What Is a Decorator?

A decorator is a function that wraps another function, adding behaviour before or after it runs — without modifying the original function's code. Decorators are used everywhere in Python: Flask uses them to define routes, Django uses them for login protection, and the standard library uses them for caching and property definitions.

At its core, a decorator is just a callable that takes a function and returns a new function.

The Building Block: Higher-Order Functions

Before decorators make sense, you need to understand that in Python, functions are first-class objects — they can be passed as arguments and returned from other functions:

def shout(func):
    def wrapper(*args, **kwargs):
        result = func(*args, **kwargs)
        return str(result).upper()
    return wrapper

def greet(name):
    return f"hello, {name}"

louder_greet = shout(greet)
print(louder_greet("alice"))  # HELLO, ALICE

The @ Syntax

The @decorator syntax is just syntactic sugar for the above pattern:

@shout
def greet(name):
    return f"hello, {name}"

# This is exactly equivalent to:
# greet = shout(greet)

Preserving the Original Function's Identity

Without extra care, wrapping a function hides its name and docstring. Always use functools.wraps to preserve function metadata:

import functools

def shout(func):
    @functools.wraps(func)
    def wrapper(*args, **kwargs):
        result = func(*args, **kwargs)
        return str(result).upper()
    return wrapper

Real-World Use Case 1: Timing Functions

import time
import functools

def timer(func):
    @functools.wraps(func)
    def wrapper(*args, **kwargs):
        start = time.perf_counter()
        result = func(*args, **kwargs)
        elapsed = time.perf_counter() - start
        print(f"{func.__name__} ran in {elapsed:.4f}s")
        return result
    return wrapper

@timer
def slow_operation():
    time.sleep(0.5)
    return "done"

Real-World Use Case 2: Retry Logic

import functools, time

def retry(times=3, delay=1.0):
    def decorator(func):
        @functools.wraps(func)
        def wrapper(*args, **kwargs):
            for attempt in range(1, times + 1):
                try:
                    return func(*args, **kwargs)
                except Exception as e:
                    if attempt == times:
                        raise
                    print(f"Attempt {attempt} failed: {e}. Retrying...")
                    time.sleep(delay)
        return wrapper
    return decorator

@retry(times=3, delay=0.5)
def fetch_data(url):
    # ... network call that might fail
    pass

Notice how this decorator takes arguments — it's a "decorator factory" that returns the actual decorator.

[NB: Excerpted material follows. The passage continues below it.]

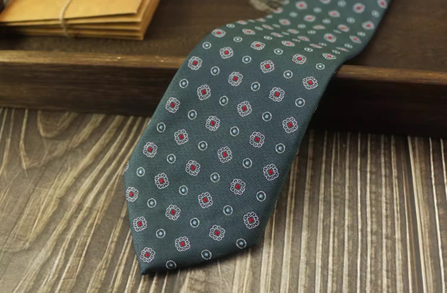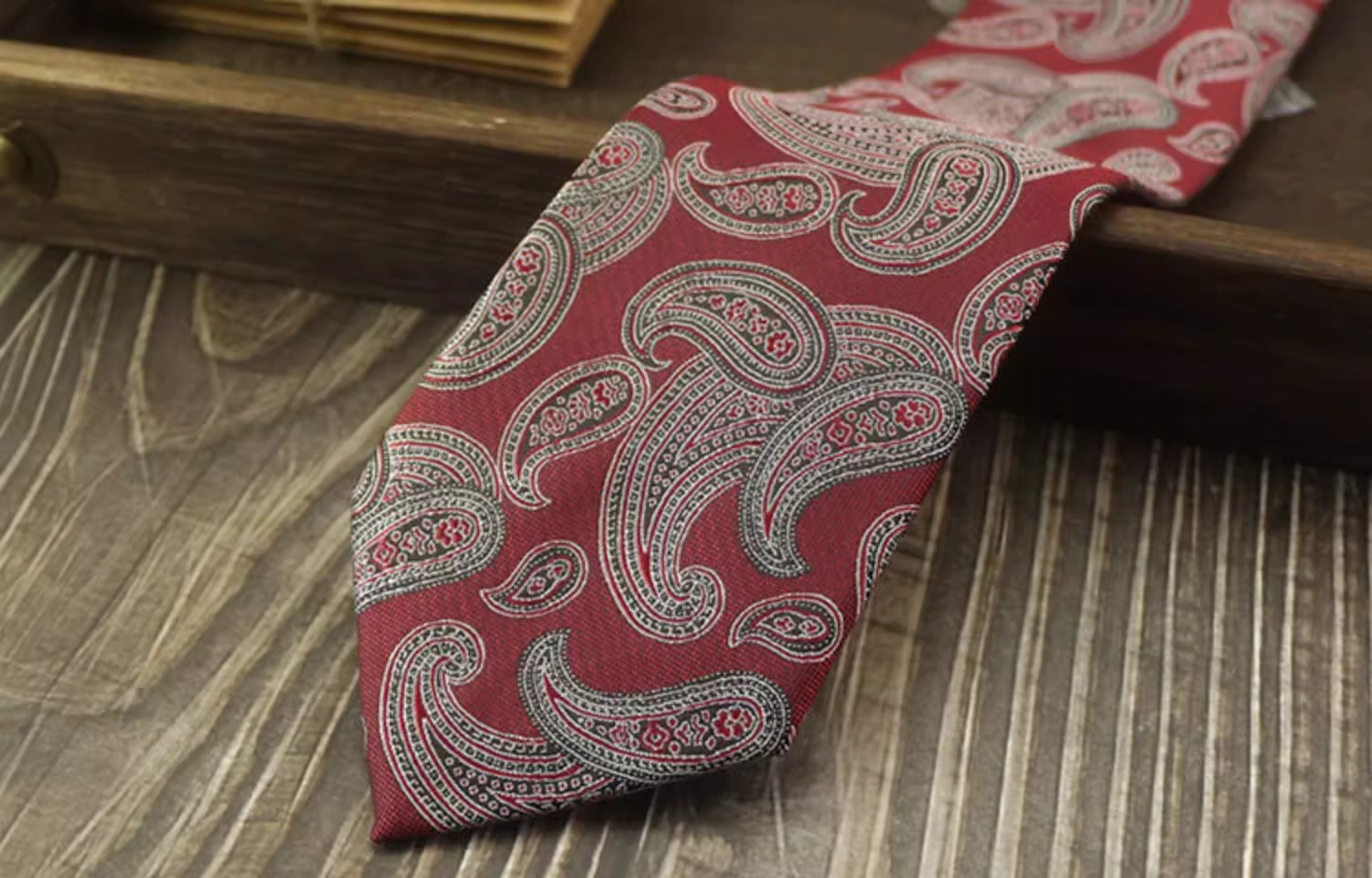 • 진한 빨간색 패턴 + 포켓 스퀘어 [선물 상자]

Real-World Use Case 3: Caching with functools.lru_cache

Python's standard library includes a powerful caching decorator out of the box:

from functools import lru_cache

@lru_cache(maxsize=128)
def fibonacci(n):
    if n < 2:
        return n
    return fibonacci(n - 1) + fibonacci(n - 2)

print(fibonacci(50))  # Instant, even for large n

Class-Based Decorators

You can also implement decorators as classes by defining __call__:

class CountCalls:
    def __init__(self, func):
        functools.update_wrapper(self, func)
        self.func = func
        self.count = 0

    def __call__(self, *args, **kwargs):
        self.count += 1
        print(f"Call #{self.count} to {self.func.__name__}")
        return self.func(*args, **kwargs)

When to Use Decorators

  • Cross-cutting concerns: logging, timing, authentication, caching
  • Input/output transformation: type checking, serialization
  • Framework integration: registering routes, signal handlers

Decorators are one of Python's most expressive features. Once you understand the pattern, you'll start recognizing opportunities to use them everywhere — and your code will be cleaner for it.